Dr. Nurkhamimi Zainuddin
Dr. Nurkhamimi ZainuddinDeputy Director of GOAL ITQAN

In general, the main purpose of education in Malaysia is to produce a holistic individual who can contribute to national prosperity and national unity; hence significant emphasis is given to developing the physical, emotional, spiritual, and intellectual aspects of an individual. In this regard, Malaysian Higher Education Institutions are held responsible for producing fully rounded individuals.

Furthermore, in Malaysia, as in other countries, higher education institutions are expected to produce self-directed learners. In achieving this goal, the Malaysian universities are driven to enhance the quality of teaching by adopting a Western model of higher education to ensure success.

Although the concept of self-directed learning (SDL) has captured the hearts and minds of many Malaysian higher education educators, in particular, they face the challenge of how to design instructionally appropriate educational programs which promote learner self-direction, while maintaining a level of educator control. To create effective instructional processes, learning activities and facilitating strategies should be devised according to the learners’ level of self-direction.

I believe that the instructional design should be intellectually challenging, but within the learner’s zone of proximal development; and the educator is responsible for matching the instructional design with the learner’s stage of self-direction while preparing the learner to advance to higher levels of self-direction.

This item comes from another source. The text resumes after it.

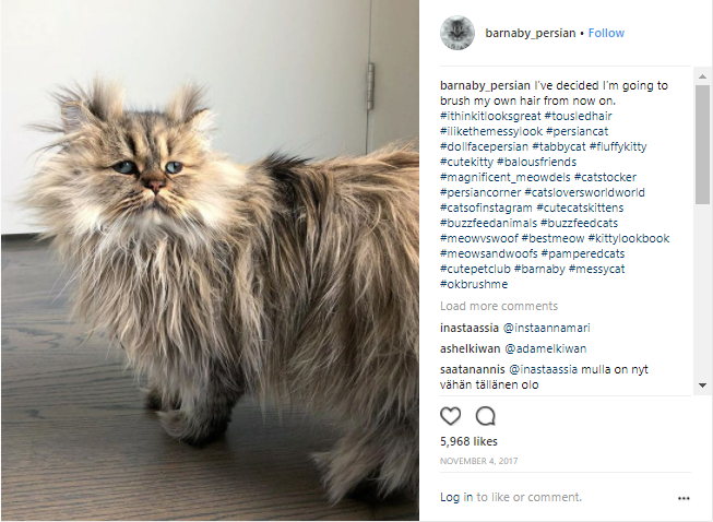 Terkenal dengan captionnya yang komunikatif, Barnaby menjadi favorit netizen karena seolah mereka sedang mengamati si kucing ini menceritakan kesehariannya alias curhat.

The educator is responsible for leading learners from their preferred and comfortable learning styles toward greater self-direction styles. He further added that this situation is achievable when educators gradually initiate a challenging and supportive learning context without creating discouragement. Extending his idea of the educator as a facilitator of learning, I suggest three pedagogical strategies to promote SDL:

(a) having diverse teaching and learning resources
(b) maximizing peer learning
(c) fostering constructive interaction.

In conclusion, it is obvious that SDL requires a transformation from the authoritative role of the educator into the educator as a facilitator of learning because, to promote an active learning approach, educators should acknowledge learners as equal learning partners who have the power to make decisions about their learning. The shift from teaching to facilitating means that learners, rather than educators, are the central figures in the learning and teaching process. Furthermore, this shift requires educators to abandon their more traditional authoritative roles by empowering learners to take responsibility for and control of their learning.

The educator’s role in supporting the learner’s direction of learning has provided new insights into our understanding of SDL. It is interesting to note that, not all Malaysian educators have accepted their role as facilitators of learning, but they instead remain firmly attached to their traditional roles of knowledge experts, to an extent they are comfortable with one-way knowledge transmission.

While recognizing the learner’s role in the SDL context, I would like to highlight the need to harmoniously blend the conventional mode of teaching with contemporary SDL approaches to ensure successful and meaningful learning experiences for the learners.

Most importantly, it is suggested that in fostering SDL: (i) educators should establish a positive and collaborative relationship with the learner; (ii) educators should recognize the available learning resources and restrictions existing within the actual learning context as this would allow for an effective implementation of the SDL; and (iii) the universities should play their part in assisting educators to plan their teaching strategies which facilitate the learners’ learning direction by conducting ongoing, in-service, training programs and encouraging self-development.